Sayın Aysal sistemin bir başkanı olmuştur. Bu sistem, 2006 seçimleri öncesi start almıştı. O dönemde kulübün ileri gelenleri acil ödenmesi gereken borçların yanı sıra kalıcı gelir getirecek projelerin de bir an önce hazırlanması ve uygulanmaya konulması gerektiğine inanıyordu. Hiç unutmuyorum; Sayın Selahattin Beyazıt, Sayın İnan Kıraç ve bugün rekor oyla Galatasaray'a başkan seçilen Sayın Ünal Aysal yanlarına Mehmet Ali Yalçındağ'ı da alarak borçları ödenebilir şekle sokacak bir sistem üzerinde çalışmaya başlamışlardı. 2006'da bu dört ismin bizzat aday olmayacakları biliniyordu. İsmi geçen duayenlerin bir tür "olağanüstü hal" komisyonu kuracağı ve kulübün bundan sonraki dönemlerde görev alacak başkanlarına yol göstereceği söyleniyordu. Projenin ana hatlarıyla oluşturulduğu, Sayın Selahattin Beyazıt'ın birkaç ufak rötuş yapacağı da sızan bilgiler arasındaydı.
AYSAL TARİHİ FARK YAPTI
Galatasaray'ın ağır topları, 2006 seçimleri öncesi sisteme uyacak ve sistemi başarıyla uygulayacak bir başkanın Galatasaray'ı krizden kurtaracağına inanıyordu. Yani Galatasaray'da başkanın getireceği sistem değil, sistemin getireceği başkan olacaktı. Sayın Beyazıt ve Sayın Kıraç gibi isimlerin Galatasaray'ın başkanlık seçimlerinde dengeleri bir anda tersine çevirebilecek güce sahip olduklarını Galatasaray camiası çok iyi bilir. O dönemde sisteme uyacak başkan olarak Divan Kurulu eski Başkanı Semih Haznedaroğlu'nun ismi geçiyordu. Ama kurulması istenen sistem o gün Özhan Canaydın-Yiğit Şardan yarışının önüne geçemedi.

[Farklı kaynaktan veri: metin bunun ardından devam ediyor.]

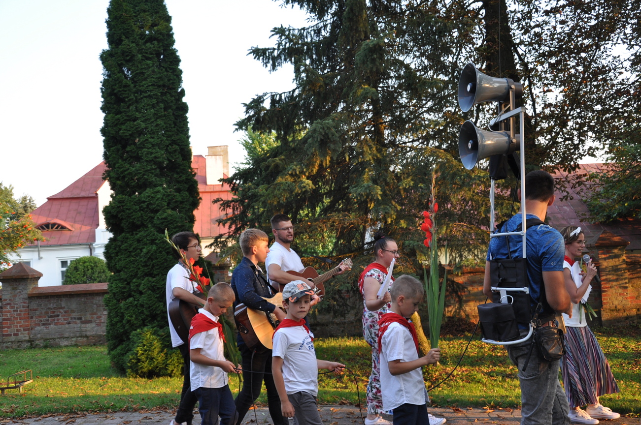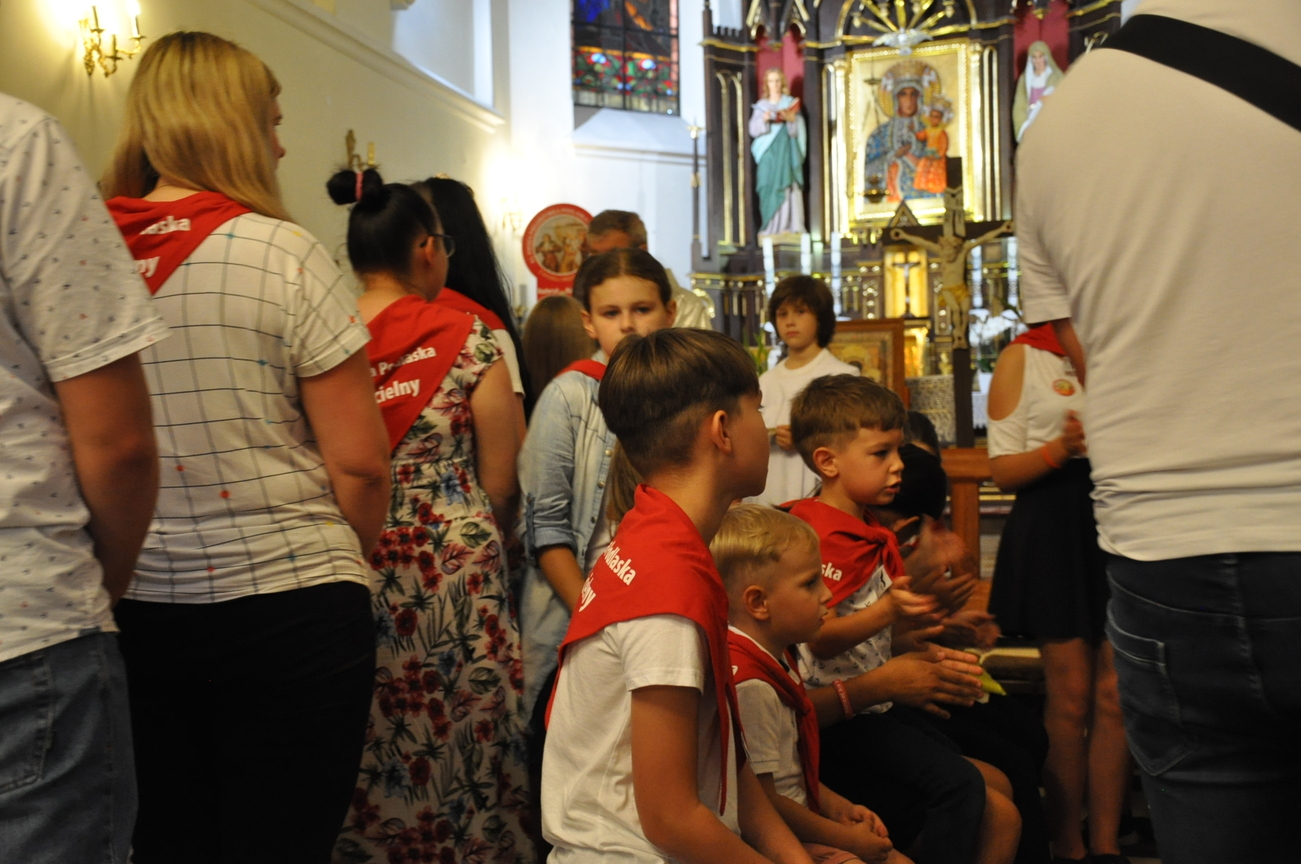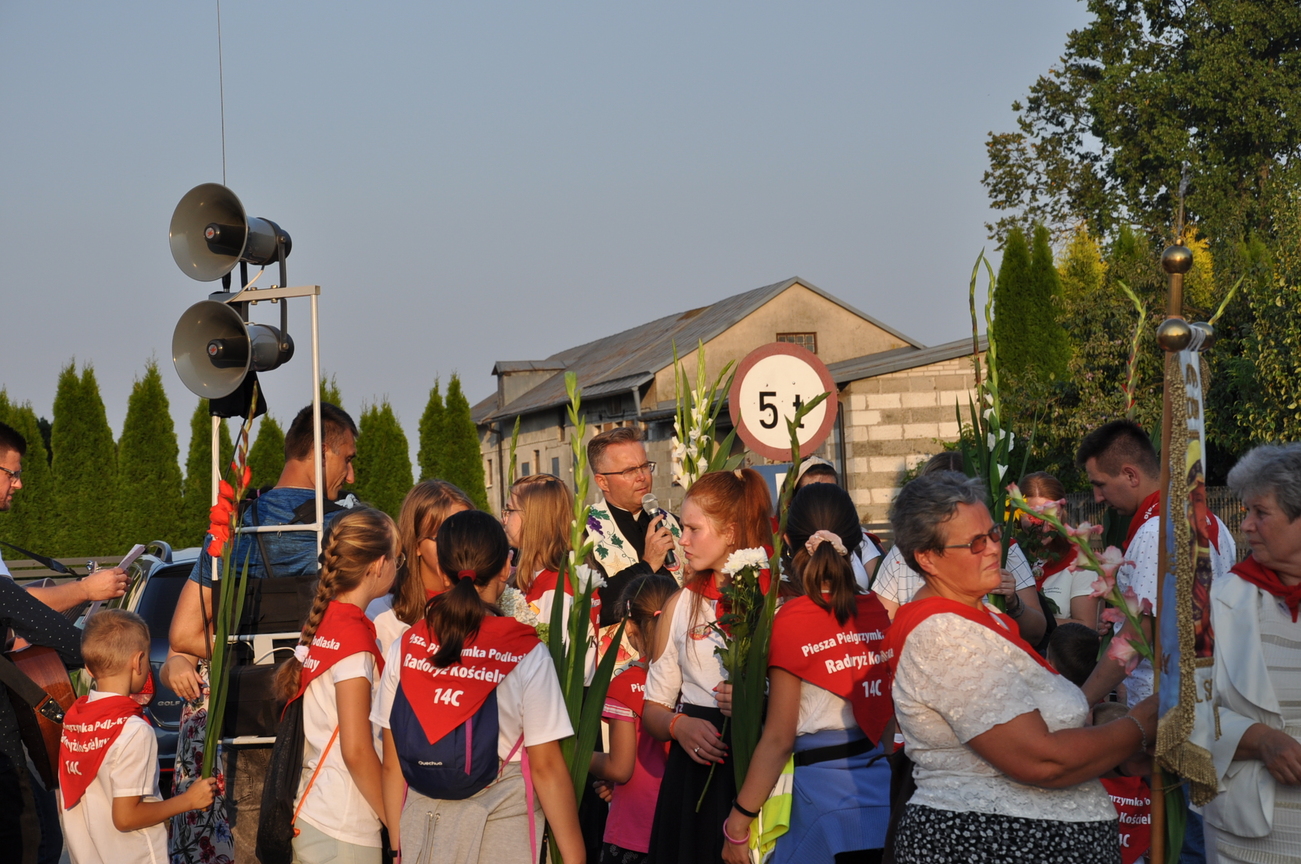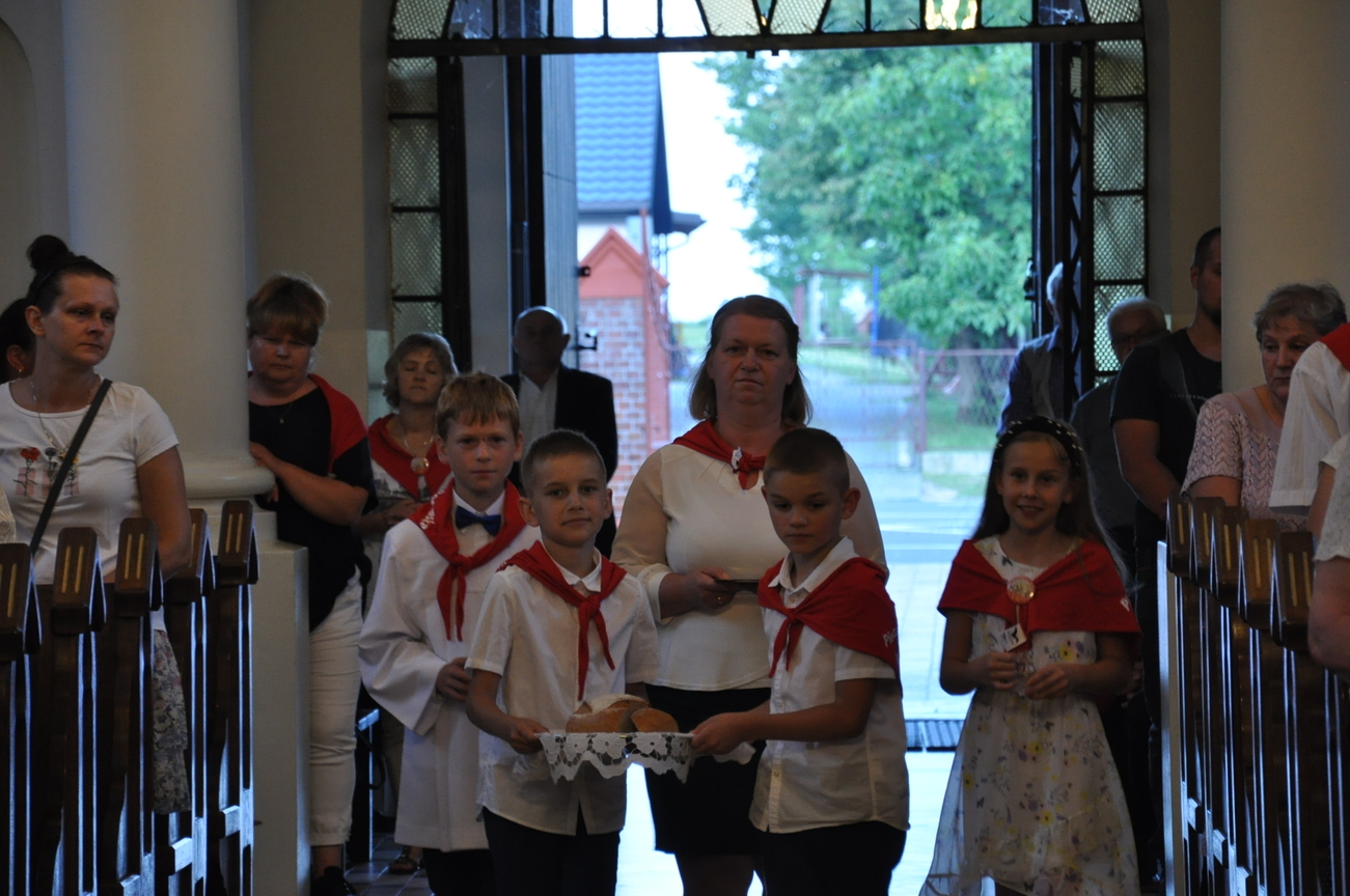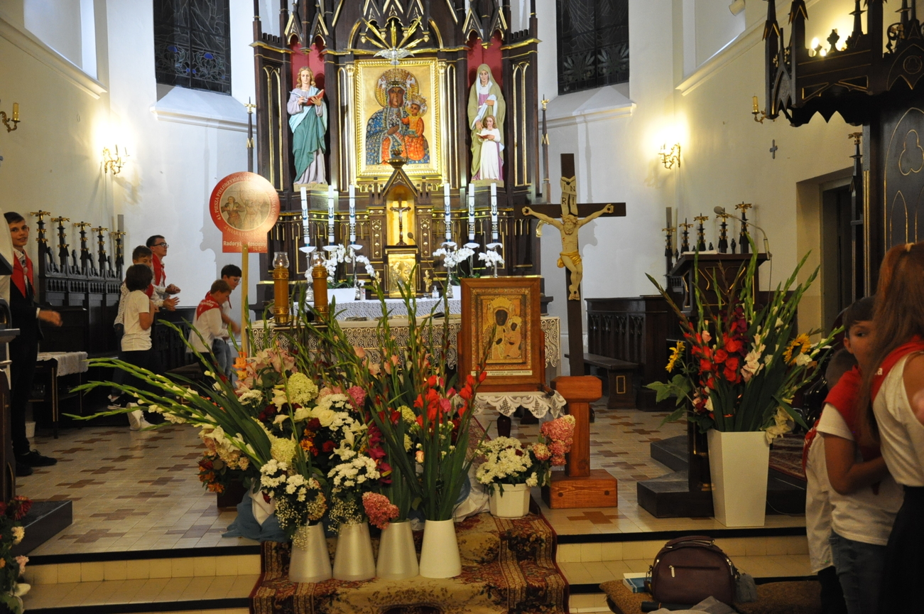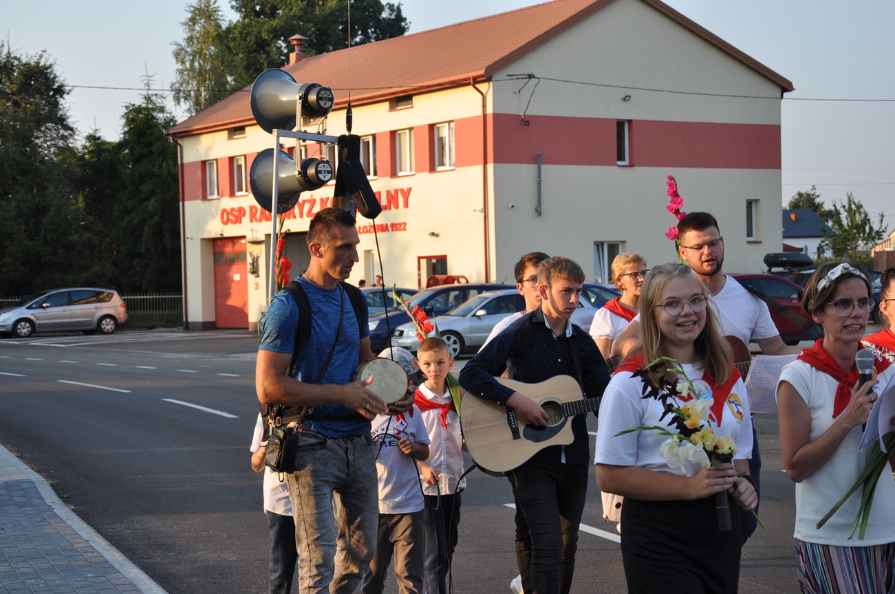 Dzisiaj ostatni etap naszej Duchowej Pielgrzymki. Zgromadziliśmy się przy Domu Strażaka z kwiatami aby procesyjnie wejść do kościoła niosąc kopię krzyża pratulińskiego, znaczek pielgrzymkowy, obraz i feretron z wizerunkiem Matki Bożej Częstochowskiej.

2006'da sisteme göre başkan yaratmanın çalışmaları içinde bulunan Sayın Ünal Aysal, bugün Sayın İnan Kıraç ve Sayın Selahattin Beyazıt'ın ve değişim isteyen Galatasaraylılar'ın oylarını alarak ezici bir üstünlükle başkanlık koltuğuna oturdu. Sistemin getirdiği başkan olan Sayın Aysal; dilerim sistemi yaratanların çizeceği Galatasaray yol haritasını başarıyla uygular. Bunu yapacak beceri, yetenek, ekonomik güç ve deneyimli bir kadro elinde mevcut.
TABULARI YIKTI
Sayın Aysal, bir tabuyu yıkarak yönetim kurullarında görev almadan, mutfakta çalışmadan aday olup iktidar koltuğuna oturdu. Dilerim; bu Galatasaray'da milat olur. Aysal sonrasında Galatasaray'a hizmet edecek genç, akıllı, becerikli yöneticiler "Mutfakta çalışmadan Galatasaray'a hizmet edilmez" felsefesine takılmadan Galatasaray'a hizmet için göreve soyunabilir.
Aysal'ı bir konuda şimdiden takdir ediyorum. Galatasaray'a önemli hizmetleri bulunan Hakan Üstünberk ve Yalçın Orhon gibi isimlerin yönetici olmamalarına rağmen dışarıdan hizmete devam etmelerine yeşil ışık yakmıştır. Bugün Üstünberk'in Taurasi transferindeki yetkiyi Ünal Aysal "Seçilmesem bile veriyorum" diyerek vermiştir. Aysal'a bu zorlu değişim süreci içerisinde başarılar diliyorum. Yolu açık olsun!